DATA |
◇ ◇ ◇ ◇ ◇ ◇ ◇
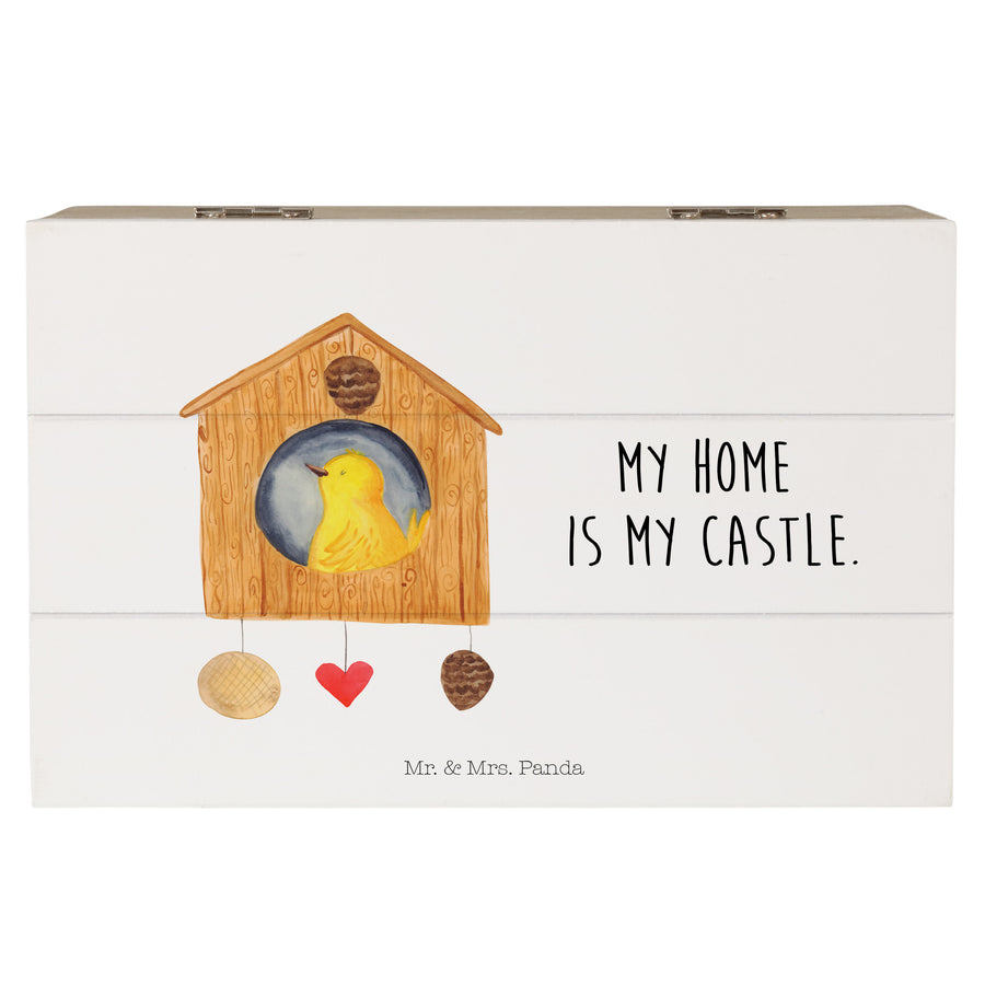 Holzkiste Vogelhaus - 19 x 12 cm - mit Spruch - Weiß
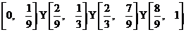 [ Cantor 's triplet ] Represent all real numbers in the closed interval [0 , 1] as ternary infinite decimals * . All those ternary infinite decimals whose digits are not 1 are denoted as T , then T is called Cantor 's triplet . From a geometrical point of view, divide T 0 = [0 , 1] into three equal parts, remove the middle part, and denote the remaining part [0 , ] [ , 1] as T 1 . Also denote [0 , ] and [ , 1] Each is divided into three sections, the middle section is removed, and the remaining section is recorded as T 2 . Continue to get a set family { T n | n ω }, the general set of this family is.
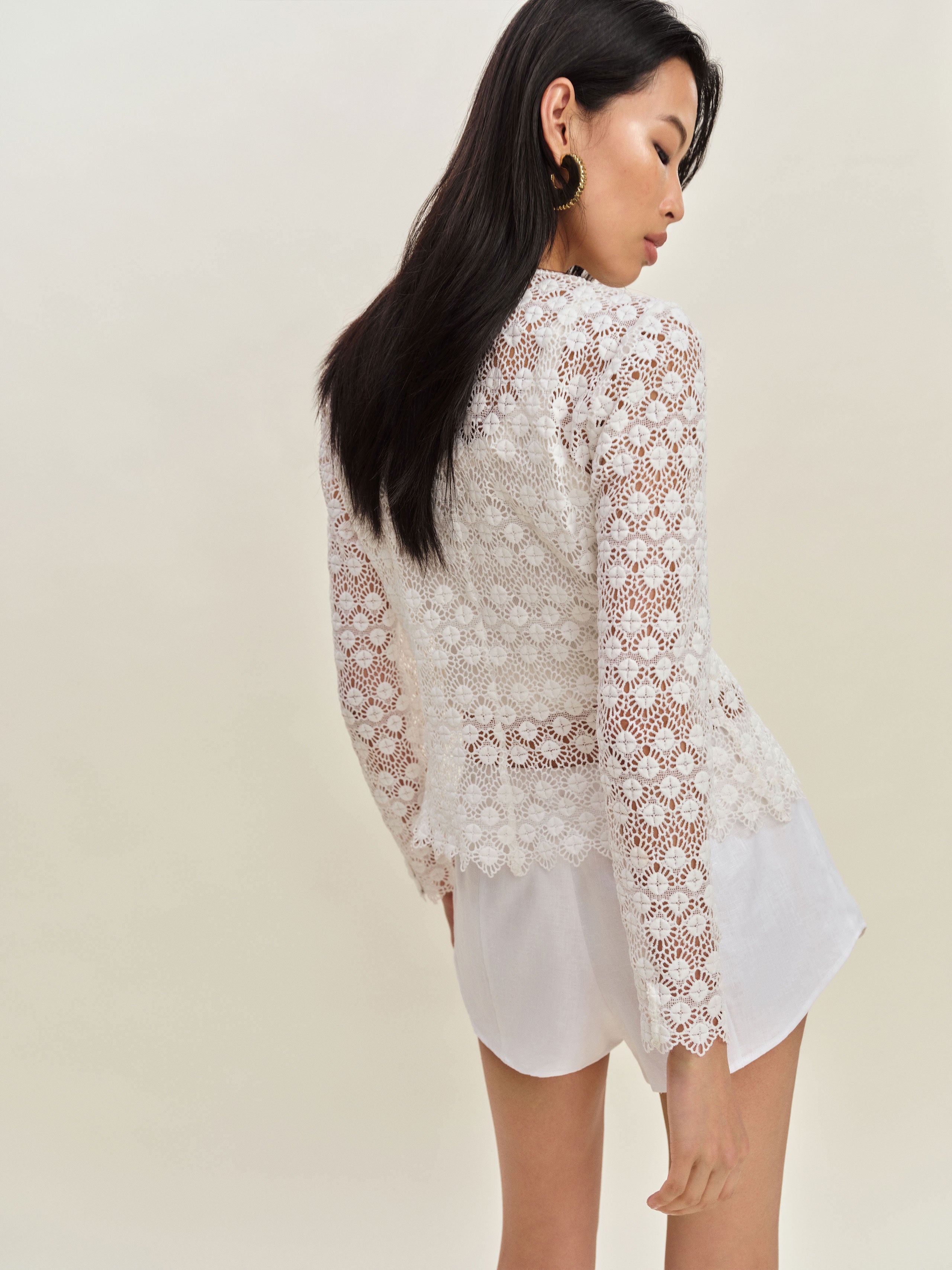 Layer up. Shop the Simona Top from Reformation, a long-sleeved knit top with a hook eye closure.
◇ ◇ ◇ ◇ ◇ ◇ ◇
ABOUT THIS EXERCISE | Could the material above be given again exactly, pictures excluded?

RESPONSE |
 Holzkiste Vogelhaus - 19 x 12 cm - mit Spruch - Weiß
 [ Cantor 's triplet ] Represent all real numbers in the closed interval [0 , 1] as ternary infinite decimals * . All those ternary infinite decimals whose digits are not 1 are denoted as T , then T is called Cantor 's triplet . From a geometrical point of view, divide T 0 = [0 , 1] into three equal parts, remove the middle part, and denote the remaining part [0 , ] [ , 1] as T 1 . Also denote [0 , ] and [ , 1] Each is divided into three sections, the middle section is removed, and the remaining section is recorded as T 2 . Continue to get a set family { T n | n ω }, the general set of this family is.
 Layer up. Shop the Simona Top from Reformation, a long-sleeved knit top with a hook eye closure.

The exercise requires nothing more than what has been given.